▶ [Task brief] Set out word for word the line that contains "Das 1786 erbaute" and each line after it, through the end of the data below, but exclude the pictures.

Excerpts from a dataset:
——————

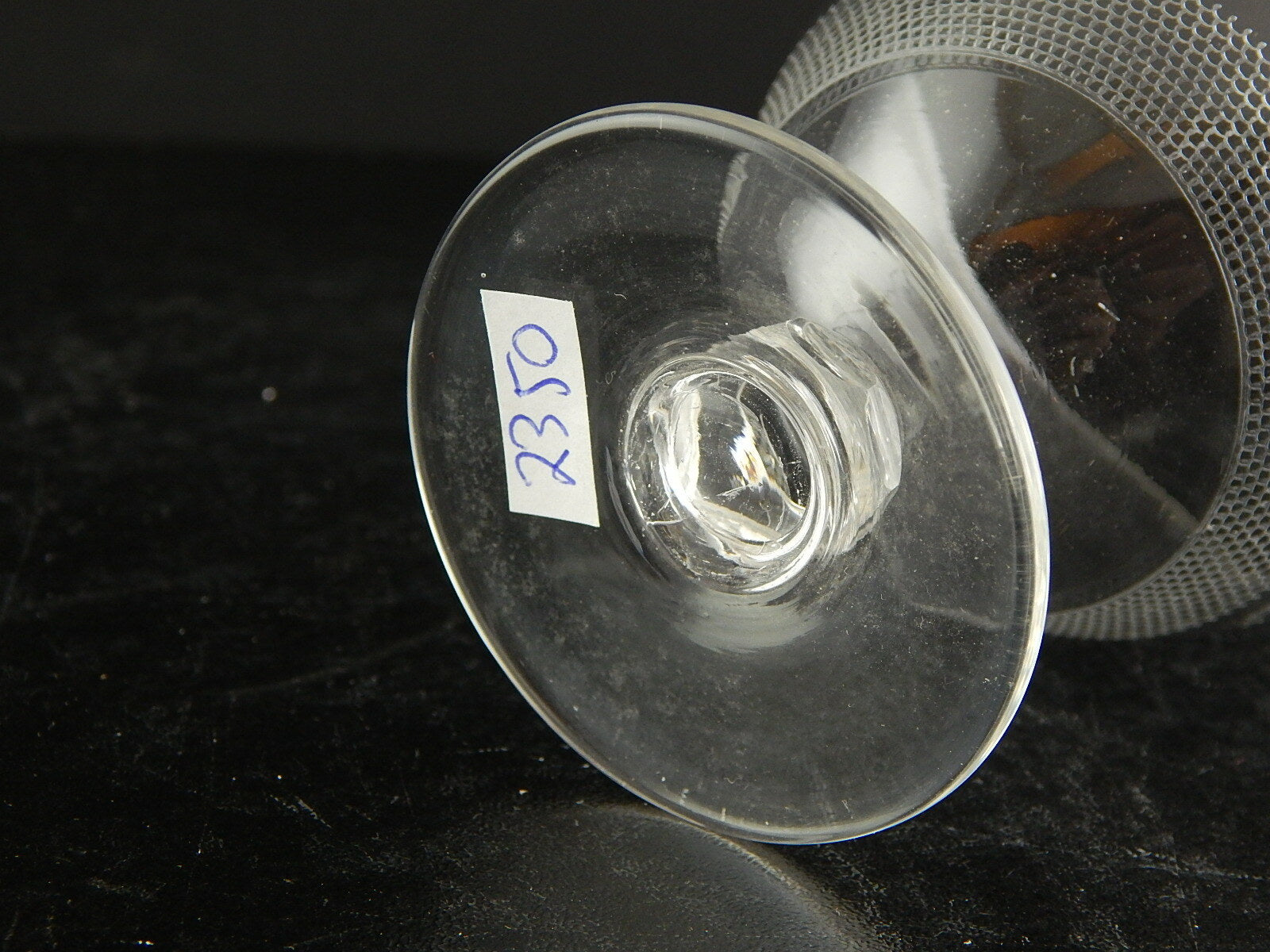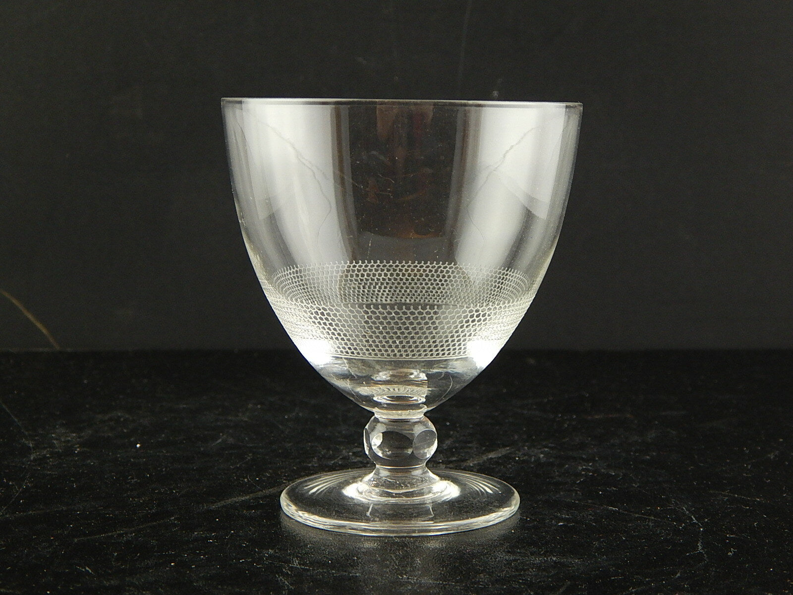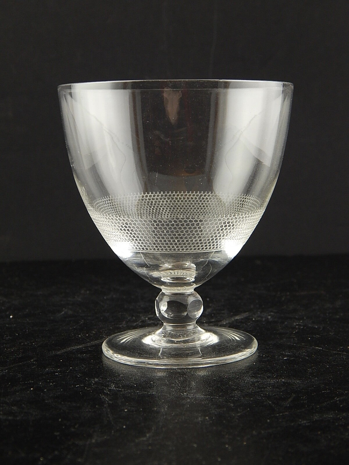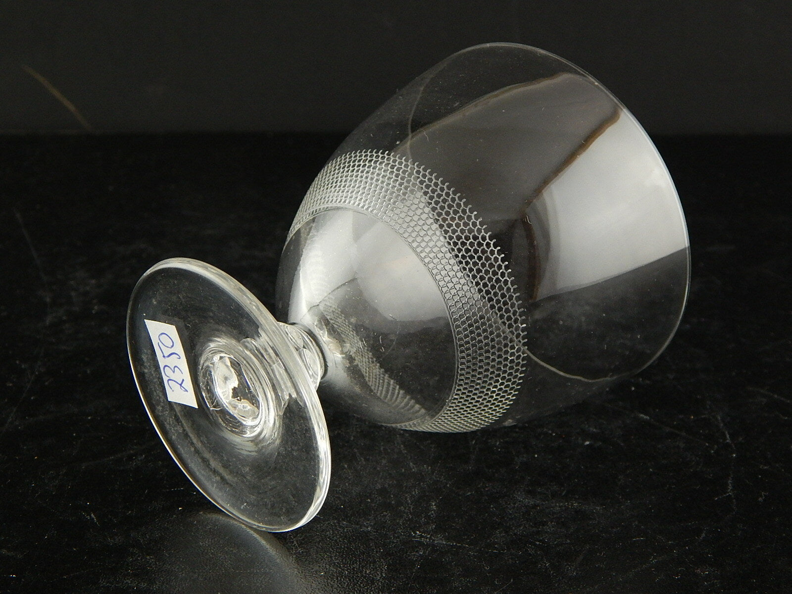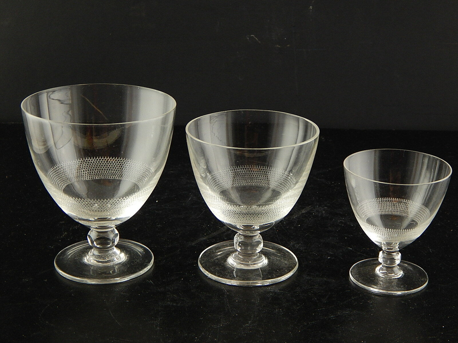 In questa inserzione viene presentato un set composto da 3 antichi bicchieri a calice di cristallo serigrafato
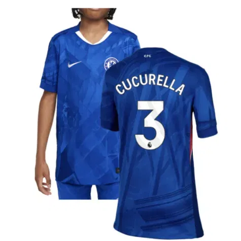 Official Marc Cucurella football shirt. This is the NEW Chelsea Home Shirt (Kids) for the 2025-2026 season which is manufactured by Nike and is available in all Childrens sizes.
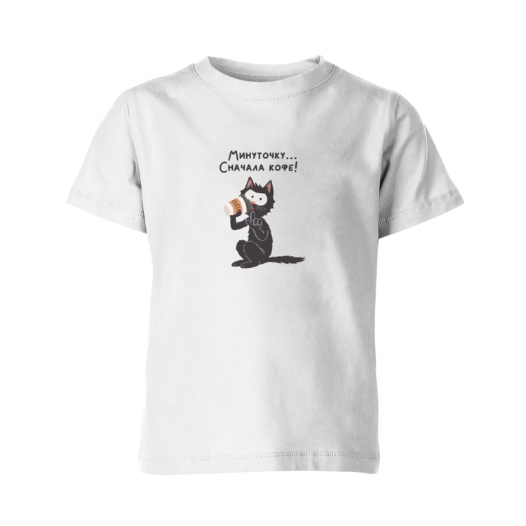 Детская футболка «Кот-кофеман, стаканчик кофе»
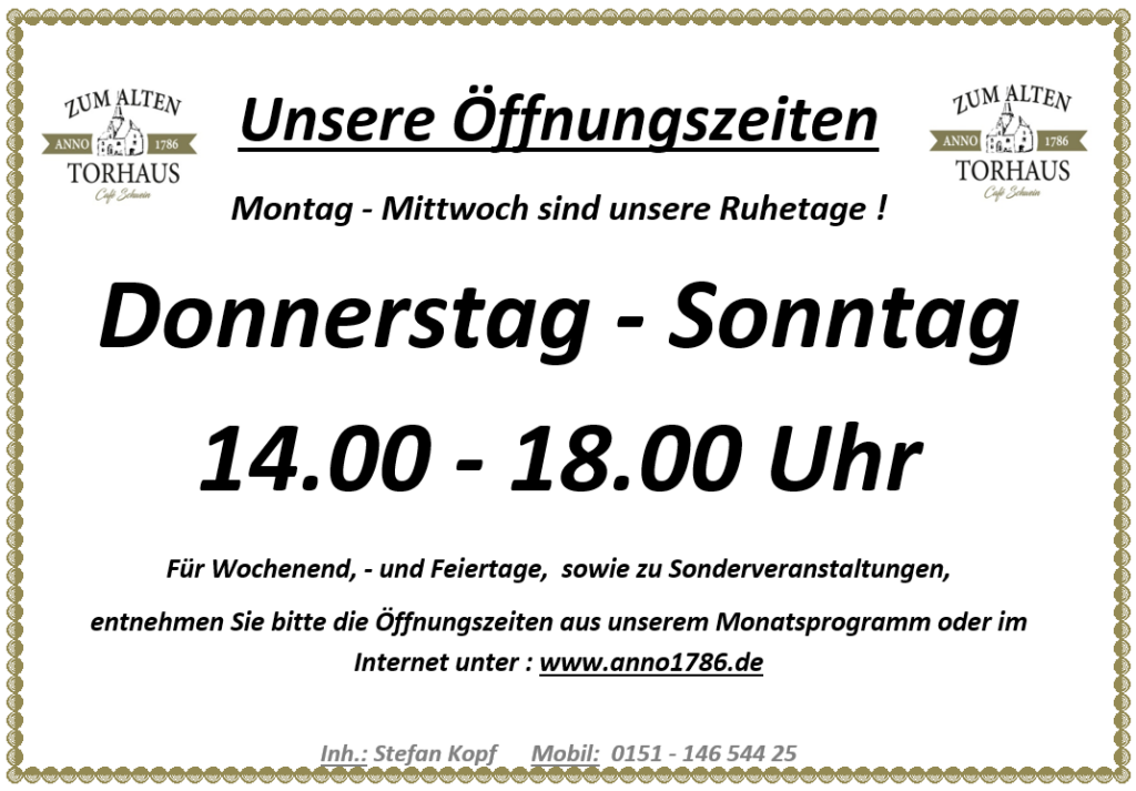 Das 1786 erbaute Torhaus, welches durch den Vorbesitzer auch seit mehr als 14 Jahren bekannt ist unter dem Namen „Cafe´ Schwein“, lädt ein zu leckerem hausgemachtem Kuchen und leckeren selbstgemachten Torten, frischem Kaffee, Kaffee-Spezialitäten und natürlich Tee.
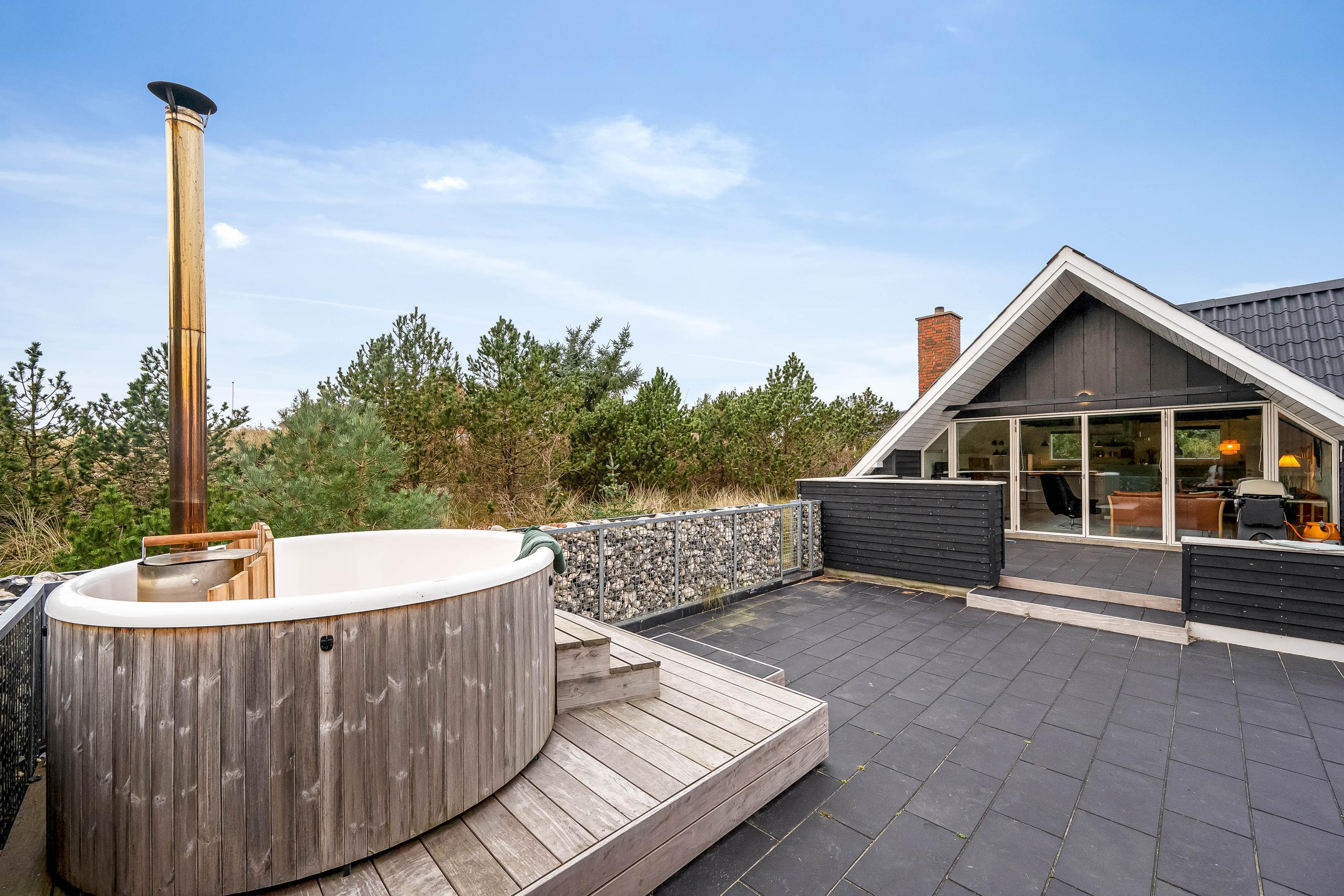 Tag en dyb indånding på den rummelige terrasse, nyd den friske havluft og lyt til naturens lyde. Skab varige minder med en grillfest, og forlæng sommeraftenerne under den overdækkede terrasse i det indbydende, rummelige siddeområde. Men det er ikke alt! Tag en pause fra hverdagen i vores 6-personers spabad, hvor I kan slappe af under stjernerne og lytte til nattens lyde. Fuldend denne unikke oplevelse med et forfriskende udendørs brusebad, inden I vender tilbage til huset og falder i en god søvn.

——————

▶ [Worked solution]
 Das 1786 erbaute Torhaus, welches durch den Vorbesitzer auch seit mehr als 14 Jahren bekannt ist unter dem Namen „Cafe´ Schwein“, lädt ein zu leckerem hausgemachtem Kuchen und leckeren selbstgemachten Torten, frischem Kaffee, Kaffee-Spezialitäten und natürlich Tee.
 Tag en dyb indånding på den rummelige terrasse, nyd den friske havluft og lyt til naturens lyde. Skab varige minder med en grillfest, og forlæng sommeraftenerne under den overdækkede terrasse i det indbydende, rummelige siddeområde. Men det er ikke alt! Tag en pause fra hverdagen i vores 6-personers spabad, hvor I kan slappe af under stjernerne og lytte til nattens lyde. Fuldend denne unikke oplevelse med et forfriskende udendørs brusebad, inden I vender tilbage til huset og falder i en god søvn.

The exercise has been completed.